Years of breakneck construction, fragmented listing databases and a flood of off-plan launches have left Dubai's real estate portals riddled with the same photographs appearing on dozens of different listings.

By Dubai News Desk · Published 4 July 2026, 10:28 pm

3 min read

How Dubai's Property Boom Created a Duplicate Image Crisis — and Why the Industry Is Now Being Forced to Clean It Up
Photo: Photo by Magda Ehlers on Pexels

Walk through any serious property search on Bayut or Property Finder today and the problem is immediately obvious: the same photograph of a living room in a Business Bay tower appears under four separate listings, at three different prices, from two competing agencies. It is not an accident. It is the accumulated result of a decade of structural shortcuts that nobody in the industry had a strong enough incentive to fix — until now.

The pressure to act became impossible to ignore after the Dubai Land Department's Trakheesi system logged more than 118,000 active residential listings in the first quarter of 2026, a figure that represents the highest inventory count the emirate has recorded since the portal was established. With that volume came a proportional explosion in recycled, misattributed and outright stolen property images. Portals and brokerages are under formal notice from the Real Estate Regulatory Agency to demonstrate image-authenticity compliance by the end of Q3 2026.

How the Accumulation Happened

The roots of the problem go back to the post-2012 recovery cycle, when developers along Sheikh Zayed Road and in the nascent Dubai Marina corridor were launching off-plan projects faster than photographers could be commissioned. Agencies pulled stock images from developer brochures, passed them between franchises and uploaded them repeatedly as new units came to market. Each Emaar, DAMAC or Nakheel launch produced a single polished photography package that subsequently circulated across the entire brokerage ecosystem with no attribution or exclusivity controls attached.

The Expo 2020 legacy district — now branded as Expo City Dubai near Jebel Ali — accelerated the issue rather than resolving it. Hundreds of new agencies registered with RERA between 2021 and 2023 specifically to capture demand from buyers interested in the Mohammed bin Rashid City and Dubai South corridors. Many operated with minimal digital infrastructure, relying on WhatsApp image-sharing chains to populate listings. A single render of a Dubai Hills Estate villa could, and routinely did, end up on the databases of a dozen different brokerages simultaneously.

The golden visa expansion program, which lowered the qualifying property investment threshold to AED 2 million in 2022, brought a surge of international buyers who relied almost entirely on online listings for their initial due diligence. That demand gave portals like Property Finder — which reported a 34 percent year-on-year increase in user sessions during 2024 — a commercial reason to prioritise volume over verification. More listings meant more traffic. More traffic meant higher agency subscription revenues. The incentive to audit image duplication simply was not there.

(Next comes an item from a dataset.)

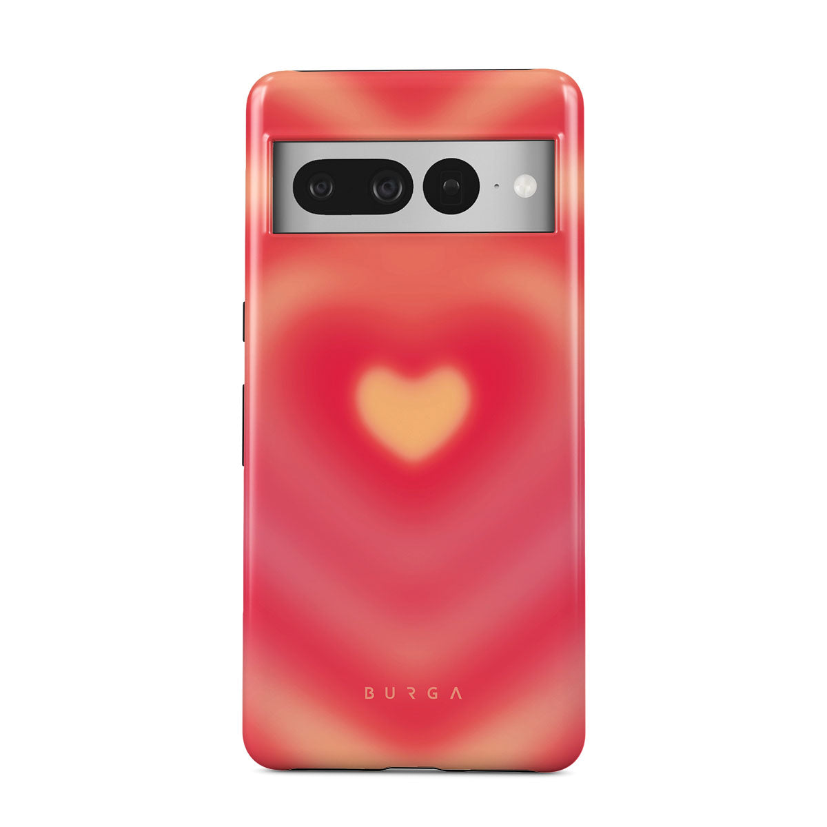 Feel the warmth of Awakening. With its glowing pink-orange shades and a heart at the center, this design is an emblem of one's inner essence. The Awakening Google Pixel 7 Pro phone case design reminds us of the soul's luminous rebirth, capturing the spirit of the Aura Collection and igniting the magic within.

What the Industry Is Doing About It Now

The turning point came earlier this year when RERA issued a formal circular requiring all listings on certified portals to carry a verified unit-specific identifier linked back to a registered title deed or off-plan reservation agreement. That requirement makes it structurally harder to list a generic image against a specific unit without the discrepancy surfacing in an automated check.

Property Finder has publicly committed to deploying image-hash detection across its database, a technology that flags identical or near-identical photographs appearing on separate listings. Bayut, which operates under the Dubizzle Group umbrella at its offices in Dubai Internet City, has introduced a mandatory photography verification layer for its premium Verified listings tier. Neither portal has disclosed the scale of duplicates removed to date.

For individual buyers navigating the current market, the practical implication is straightforward: any listing that cannot supply a dated, watermarked photograph taken after the unit's handover — or, for off-plan properties, a developer-issued render with a specific plot and building reference — should be treated as unverified. The RERA Dubai REST app allows buyers to cross-check a listing against the official title deed registry before any deposit is transferred. Using it takes three minutes and costs nothing. Given that a standard one-bedroom in Jumeirah Village Circle currently lists at between AED 900,000 and AED 1.3 million, three minutes is a reasonable investment.

The regulatory deadline of Q3 2026 gives the industry roughly one quarter to demonstrate measurable progress. Whether the portals treat that deadline as a genuine audit moment or a compliance checkbox will determine whether the problem is actually solved or simply better hidden.